**Exercise material:**
§ §

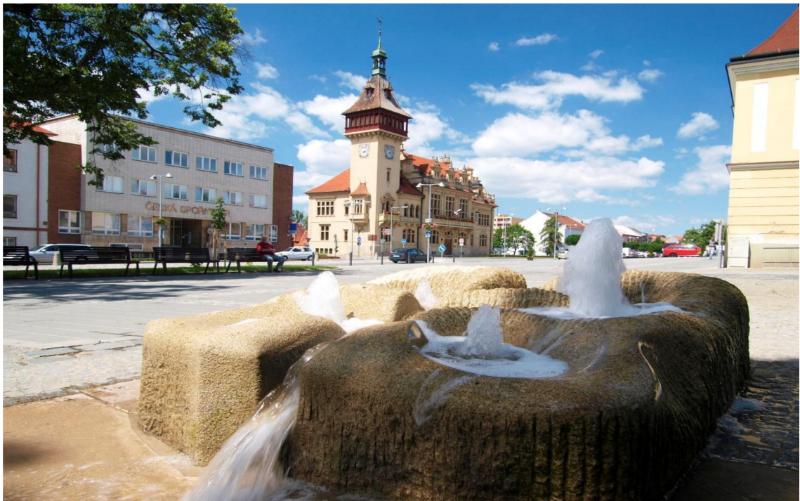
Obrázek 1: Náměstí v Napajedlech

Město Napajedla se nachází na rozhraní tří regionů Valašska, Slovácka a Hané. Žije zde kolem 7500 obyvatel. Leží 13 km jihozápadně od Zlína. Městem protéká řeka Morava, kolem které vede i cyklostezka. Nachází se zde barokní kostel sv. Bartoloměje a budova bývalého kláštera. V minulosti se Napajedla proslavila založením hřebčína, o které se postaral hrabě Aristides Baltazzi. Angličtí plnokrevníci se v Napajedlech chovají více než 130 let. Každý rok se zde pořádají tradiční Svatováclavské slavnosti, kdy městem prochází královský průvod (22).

§ §

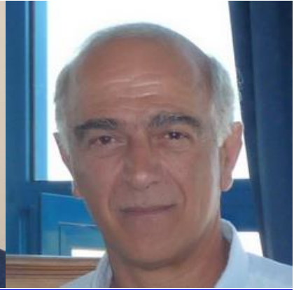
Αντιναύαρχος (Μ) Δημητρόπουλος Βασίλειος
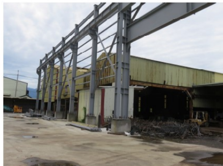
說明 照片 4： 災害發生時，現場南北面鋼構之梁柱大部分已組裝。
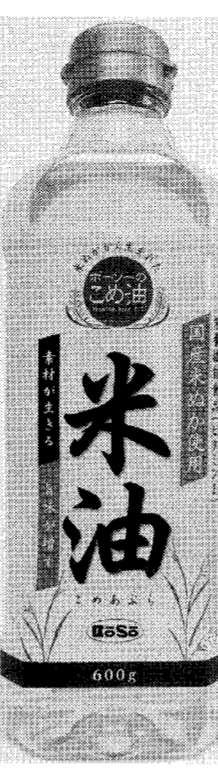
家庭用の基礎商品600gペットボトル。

§ §

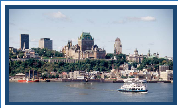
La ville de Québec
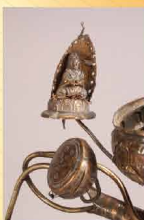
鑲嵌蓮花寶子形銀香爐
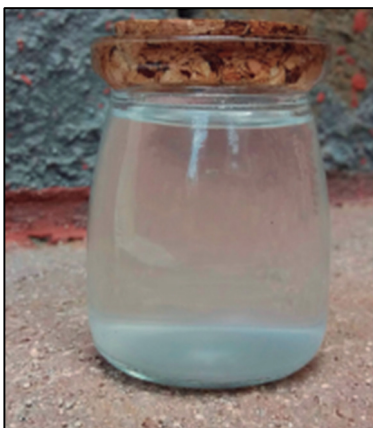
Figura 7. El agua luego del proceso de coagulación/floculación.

§ §

**Exercise:** For every line in the records above that holds "Napajedlech", add one, and report the sum alone.

**Task answer:** 2